A hierarchy of 3,688 phyletic patterns was characterized encompassing more than 5,000 known protein-coding genes from 66 complete microbial genomes. The results indicate that gene loss and displacement has occurred in the evolution of most pathways.
Phyletic patterns denote the presence and absence of orthologous genes in completely sequenced genomes and are used to infer functional links between genes, on the assumption that genes involved in the same pathway or functional system are co-inherited by the same set of genomes. However, this basic premise has not been quantitatively tested, and the limits of applicability of the phyletic-pattern method remain unknown.

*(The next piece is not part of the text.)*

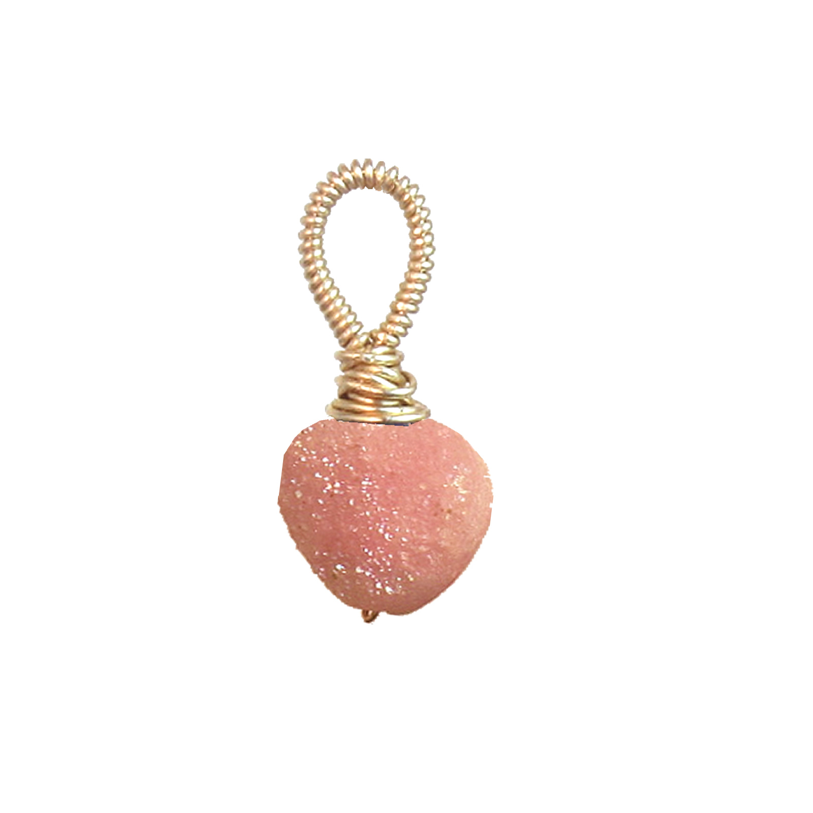 Wire wrapped pink druzy heart pendant, for necklace chains, you can also place these on the bangle-cuffs.

We characterized a hierarchy of 3,688 phyletic patterns encompassing more than 5,000 known protein-coding genes from 66 complete microbial genomes, using different distances, clustering algorithms, and measures of cluster quality. The most sensitive set of parameters recovered 223 clusters, each consisting of genes that belong to the same metabolic pathway or functional system. Fifty-six clusters included unexpected genes with plausible functional links to the rest of the cluster. Only a small percentage of known pathways and multiprotein complexes are co-inherited as one cluster; most are split into many clusters, indicating that gene loss and displacement has occurred in the evolution of most pathways.
Phyletic patterns of functionally linked genes are perturbed by differential gains, losses and displacements of orthologous genes in different species, reflecting the high plasticity of microbial genomes. Groups of genes that are co-inherited can, however, be recovered by hierarchical clustering, and may represent elementary functional modules of cellular metabolism. The phyletic patterns approach alone can confidently predict the functional linkages for about 24% of the entire data set.